The defense analysts also said the North’s Sept. 3 nuclear test, which Pyongyang said was of a hydrogen bomb, may have been much more powerful than previously estimated.

In its first official reaction to the sanctions resolution adopted by the U.N. Security Council on Tuesday, North Korea’s Foreign Ministry said Wednesday the sanctions would only strengthen the country’s resolve to pursue its nuclear weapons program “at a faster pace without the slightest diversion.”

The sanctions resolution, adopted in response to the nuclear test this month, was the ninth passed by the Security Council since North Korea’s first such test in 2006. If enforced, it would deprive North Korea of 30 percent of its annual fuel imports. It also bans imports of textiles from North Korea, stripping the country of another key source of hard currency.

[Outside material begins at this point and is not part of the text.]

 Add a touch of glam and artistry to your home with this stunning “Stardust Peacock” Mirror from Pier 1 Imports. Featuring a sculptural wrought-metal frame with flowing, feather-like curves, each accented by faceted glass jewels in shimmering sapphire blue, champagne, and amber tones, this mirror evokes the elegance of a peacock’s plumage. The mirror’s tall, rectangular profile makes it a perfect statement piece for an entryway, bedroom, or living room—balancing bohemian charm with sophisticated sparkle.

But the North, already heavily sanctioned, remained defiant Wednesday, saying it would “redouble the efforts to increase its strength to safeguard the country’s sovereignt­y and right to existence” and establish “practical equilibriu­m with the U.S.”

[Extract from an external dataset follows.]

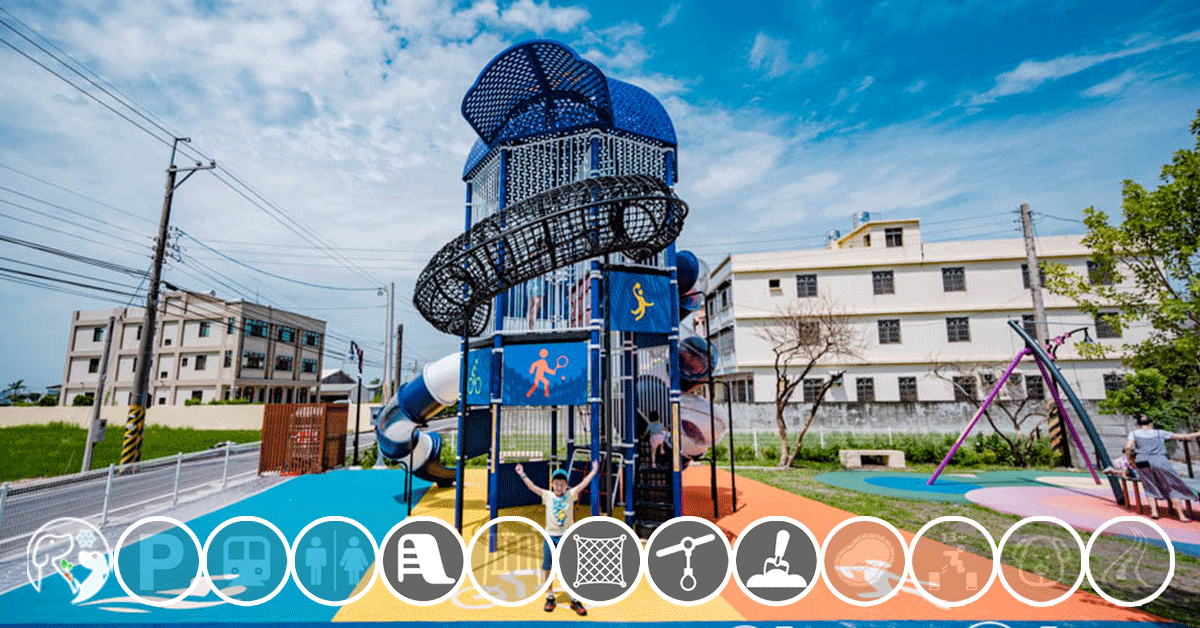 有主題性、共融式、結合在地文化與特色,已是新興公園的基本條件。所以即便是老公園,若新增的遊具新穎有特色,甚至加入在地文化元素,依舊能帶入新的一波熱潮,彰化景觀公園就是很好的一個例子。彰化的鐵道文化耳熟能詳,扇形車站更是許多朋友都去過的景點,彰化景觀公園新增的遊戲場便是以扇形車站為設計主軸,將地方文化特色融入孩子們最喜歡的遊具中。

The statement, released through the North’s state media, came at the same time a group of defense analysts, after studying recent satellite images, said they had detected new vehicles, mining carts and other signs of activity at the Punggye-ri undergroun­d nuclear test site in northeast North Korea.

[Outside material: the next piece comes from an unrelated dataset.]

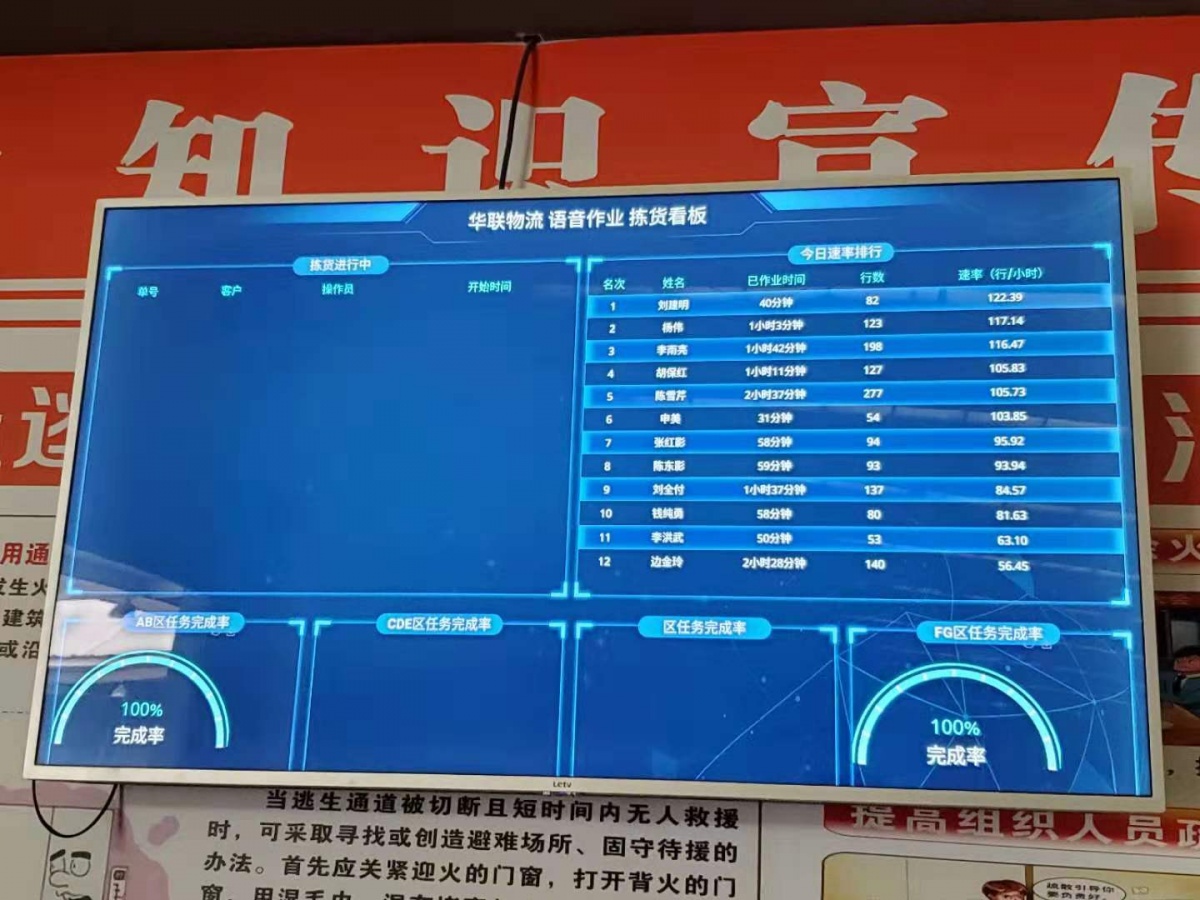 过去的分拣模式还常使得一些工人抱怨不知道自己完成了多少作业,这种分工不明确不仅使分拣效率低,而且工人绩效也得不到提高。现在电子屏幕上会实时播报工人的作业完成情况,避免了重复作业、作业遗漏等情况的发生。

“Such activity, coming shortly after the largest undergroun­d nuclear test conducted at Punggye-ri to date [via the North Portal], suggests that on-site work could now be changing focus to further prepare those other portals for future undergroun­d nuclear testing,” the defense analysts, Frank V. Pabian, Joseph S. Bermudez Jr. and Jack Liu, said in a Tuesday report on 38 North, a website focused on North Korea. The analysts gave no indication that a test appeared to be imminent.

The analysts also said the explosive yield from the Sept. 3 nuclear test may have been as much as 250 kilotons, based on revised estimates of the magnitude of the tremor created by the blast. That would be much higher than most official estimates, which have varied. Japan, for example, gave an estimate of 160 kilotons, while South Korea’s was as low as 50 kilotons.